Камилла рассказала не об отношениях Люсиль и отца, а о своих отношениях с отцом Люсиль. Впервые Камилла увидела Жоржа шестнадцатилетней девчонкой. Камиллу предупредили, что Жорж отвезет ее в Аликанте, где уже отдыхали Лиана с детьми и Габриель. Пуарье пригласили Камиллу на каникулы в Испанию. Ее отец незадолго до того лета умер, пожилая мать чувствовала себя нехорошо, а девочка нуждалась в свежем воздухе, веселой компании и развлечениях. Итак, Жорж, которого Камилла едва знала, заехал за ней, затем они забрали кузена Люсиль и отправились в путь. По дороге путешественники остановились у друзей Жоржа, чтобы поспать, и почему-то ночью легли втроем в одну постель. Жорж расположился между кузеном Люсиль и Камиллой, и ночью, прижавшись к девочке, стал ее ласкать. Камилла так растерялась, что ничего не сказала. В Испании она держалась от Жоржа подальше, а потом в какой-то момент у нее случился острый приступ аппендицита, и ей пришлось возвратиться во Францию.
В течение нескольких месяцев Жорж выслеживал Камиллу, требовал, чтобы она ему звонила и встречалась с ним. Жорж обезумел. Он назначал девушке свидания, от которых она вежливо отказывалась, присваивал Камилле кодовые имена, чтобы она звонила ему в агентство, давал адреса, по которым его следовало искать. Чем больше она убегала, тем неотступнее он ее преследовал. Он кричал, что, если она не уступит, он расскажет ее матери, с каким пылом она прижималась к нему в постели, пытаясь его соблазнить. Камилла ничего не знала о сексе и смертельно боялась предстать перед моими родителями в дурном свете. К тому же мать Камиллы постоянно напоминала о том, как благодарна Лиане и Жоржу за то, что они проявили щедрость и взяли Камиллу с собой на каникулы. Время шло, а Жорж не ослаблял хватку, из раза в раз намекая Камилле, что за ней должок.

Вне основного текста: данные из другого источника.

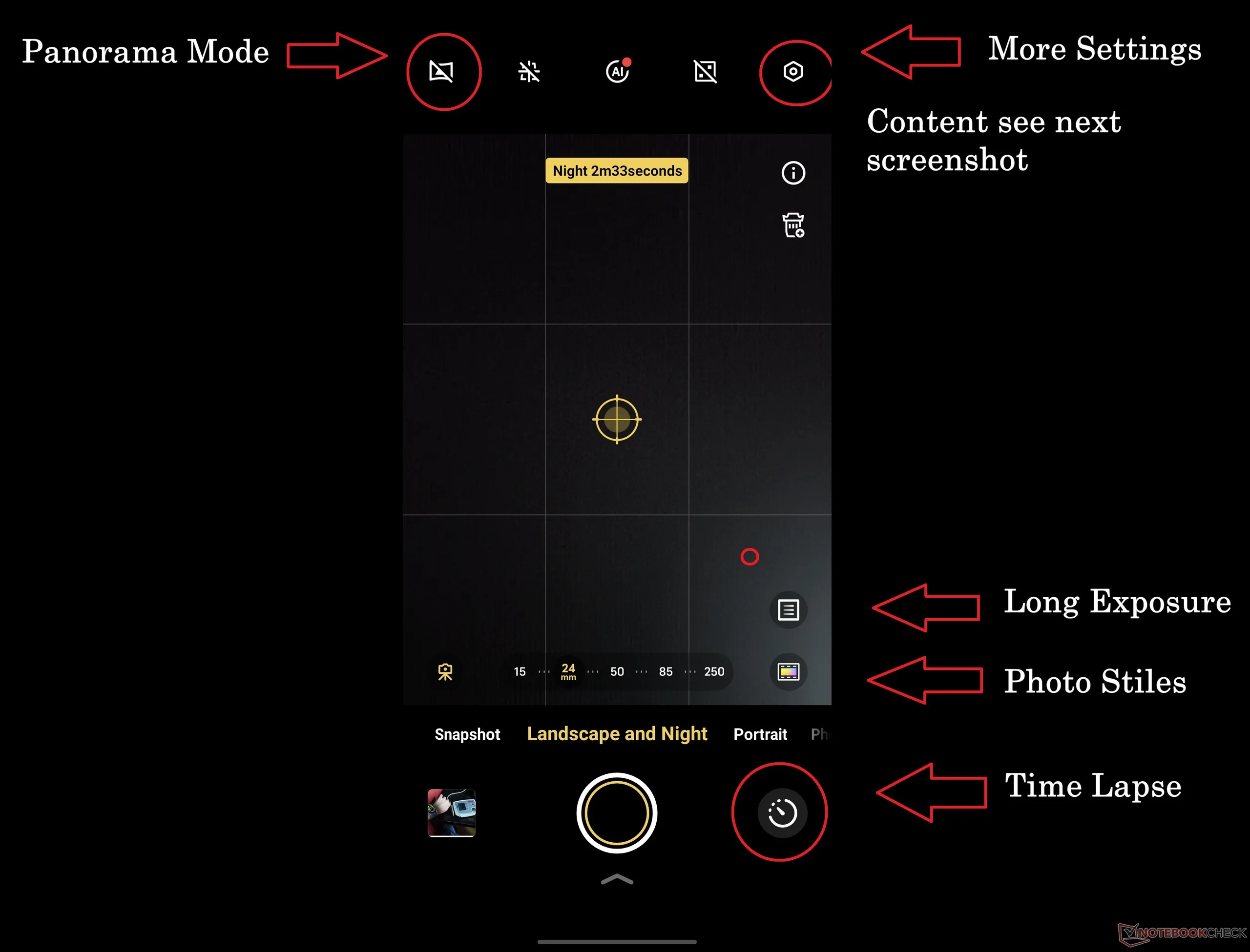 Tyvärr har kameraappen blivit alltmer förvirrande. Jag tycker att det saknas konsekvens här. Det nu namngivna Landskaps- och nattläget för alla typer av speciallägen som lång exponering, Timelapse, Supermoon eller Astro-fotografering är en bra idé i princip, men det är för närvarande lite kaos inom detta läge.

В конце концов Жорж своего добился: однажды вечером после ужина и однажды на выходных в Пьермонте, где ухитрился остаться с Камиллой вдвоем. Испуганно и стыдливо Камилла повиновалась. Два дня она провела в полной власти Жоржа, запертая в четырех стенах (соседям не стоило ее видеть), вынужденная принимать правила эротических игр своего господина и покорно претерпевать его наказания. Чувство позора, боли и стыда преследовало Камиллу много лет. На следующий год после инцидента Камилла поступила в колледж и уехала в Англию, сбежав от Жоржа навсегда. Однако чувство вины ее так и не покинуло.
Вернувшись во Францию, Камилла, несмотря на замаранное прошлое, вышла замуж и родила детей.
После развода Люсиль и Габриеля, Люсиль с Камиллой потеряли друг друга из виду. Камилла тоже развелась и снова вступила в брак лишь спустя несколько лет.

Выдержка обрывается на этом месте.